The importance of biomarker research in PD resides in the need for early detection and accurate diagnosis with implications for future treatment strategies. The implications of this body of research are manifold: On the one hand, PD detection is fraught with high rates of misdiagnosis in the clinical practice; 25% of the patients diagnosed with idiopathic PD during their lifetime, are discovered post-mortem to have various parkinsonian syndrome (e.g., vascular modifications, atypical parkinsonism, corticobasal degeneration, progressive supranuclear palsy or multiple system atrophy), especially when only the initial diagnosis is taken into consideration (10-12). Furthermore, the numerous pathological processes involved in PD require specific therapeutic strategies for each subtype, beyond dopamine replacement therapy, that address only the clinical motor symptoms without affecting disease progression (13). In addition to this, given the rise of degenerative illnesses in the elderly population, effective screening tools that identify individuals at risk, monitor their progression, and ultimately influence the type of treatment requested for optimal outcomes are required (14).

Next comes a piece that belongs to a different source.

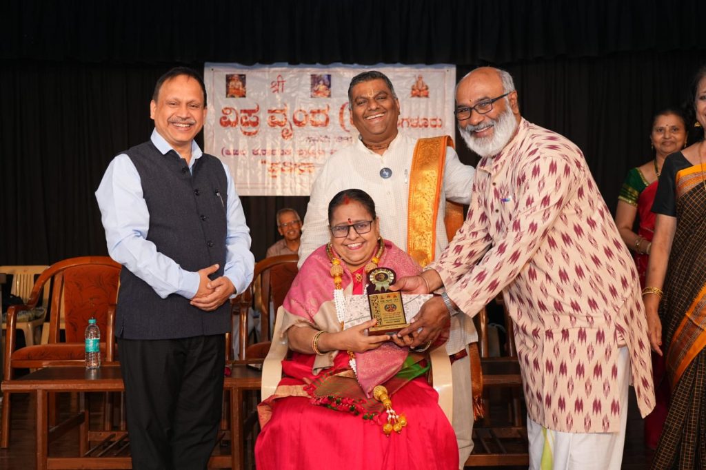 On September 7, 2025, Sri Subbu Bhaiya was invited as the Chief Guest at the Pratibha Puraskara event organized by the Vipra Vrunda Organization at JSS School Auditorium, Mysuru. The ceremony also witnessed the presence of Dr. Niranjan Vanalli, Honourable Vice Chancellor of Bengaluru North University. Addressing the gathering, Sri Subbu Bhaiya spoke on the antiquity and scientific relevance of the Vedas, emphasizing how their timeless wisdom continues to guide modern living. His unique and humorous analogy of the three varieties of Masala Dosa to explain the Advaita, Vishishtadvaita, and Dvaita philosophies was widely appreciated by the audience. On behalf of the Indian Yoga Association, he extended best wishes to all the awardees and encouraged everyone to join hands with the global Yoga movement. During the event, Smt. Padmalatha Mysuru, Senior Yoga Professional Member of IYA, was also felicitated for her contributions to yoga and literature.
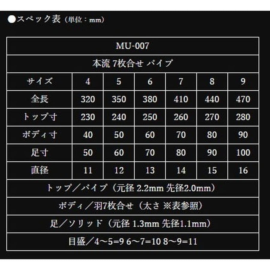 ドボン釣りに最適。 かんざしボディは流れに強くしもりにくい。 超長尺竿対応で視認性の高いパイプトップ使用。★サイズ:4 スペック(単位:mm)全長:320 トップ寸:230 ボディ寸:40 足寸:50 直径:11 トップ/パイプ(元径 2.2mm 先径2.0mm) ボディ/羽7枚合わせ(太さ 11mm) 足/ソリッド(元径 1.3mm 先径1.1mm)目盛/9

There is an urgent need to discover improved clinical biomarkers with high sensitivity, specificity, and reliability. In recent years, numerous contributions in the field of PD biomarker discovery have been witnessed.
2. Methods
Databases such as PubMed, Google Academic and Science Direct were searched for publications in English on metabolomic studies on PD. In order to obtain a broad view on the subject, scientific publications from 2000 to 2021 containing the terms ‘Parkinson's disease’, ‘biomarker’, ‘metabolomic’ and ‘psychiatric symptoms’ were included. Cumulatively, a total of 791 articles on all three platforms were found. Articles that were not related to the research subject, repeated articles, and articles that access to could not be gained, were excluded. Articles that conceptualized or defined metabolomic terminology and analyzed theoretical causes as well as its effects, were included in the present review. Moreover, articles focusing on psychometric measurements and methodology, exploring metabolic biomarkers in PD having different non-motor symptoms and within specific population groups (e.g., with or without cognitive decline; with or without treatment) and assessing the effect of various metabolic by-products on clinical manifestations and treatment efficacy, presenting biomarker measuring tests and methodology were also included. In order to gain a broad and comprehensive understanding of the scientific literature, notable studies from the reference section on the topics of interest were also included. After the inclusion and exclusion criteria were applied, 97 articles remained.
3. Cerebrospinal fluid biomarkers in PD
Because cerebrospinal fluid (CSF) is closely connected to the central nervous system (CNS), it is the preferred sample in neuropathological research on PD, as aberrancies in its composition reflect the pathological processes in the brain (15).
Catecholamines are significantly reduced in PD samples compared with control groups, with PD patients having lower CSF levels of dihydroxyphenylacetic acid (DOPAC), dihydroxyphenylglycol, and L-DOPA (16). It is worth mentioning that DOPAC levels are not PD-specific, and low values can be observed in other synucleinopathies. The levels of homovanillic acid (HVA; the main dopamine catabolite) in CSF were revealed to be significantly decreased in PD patients 5 days after L-DOPA therapy withdrawal vs. controls. A markedly high 5-S-cysteinyldopamine/homovanillic acid concentration ratio was observed in PD patients compared with controls, making it a useful marker for the early diagnosis of PD (17).
α-Synuclein is the main protein involved in the pathogenesis of Lewi bodies through misfolding as a result of genetic mutations that lead to post-translational modifications (e.g., ubiquitination, phosphorylation, oxidation, nitration amd truncation); α-synuclein aggregates to form amyloid fibrils (18,19). A number of meta-analyses revealed CSF total α-synuclein levels to be lower in PD patients vs. controls or other neurological patients (20,21); however, it has exhibited low specificity (40-57%) and sensitivity (78-88%) as a diagnostic biomarker (22) and longitudinal studies (23,24) revealed no significant difference in PD compared with controls in CSF total α-synuclein. A recent review presented the aptamer- and antibody-based electrochemical biosensors for a-synuclein detection and quantification. The biosensors were also applied to investigation of a-synuclein aggregation kinetics and its interaction with small molecules (e.g., baicalein), in order to elucidate the structure-activity relationships (25).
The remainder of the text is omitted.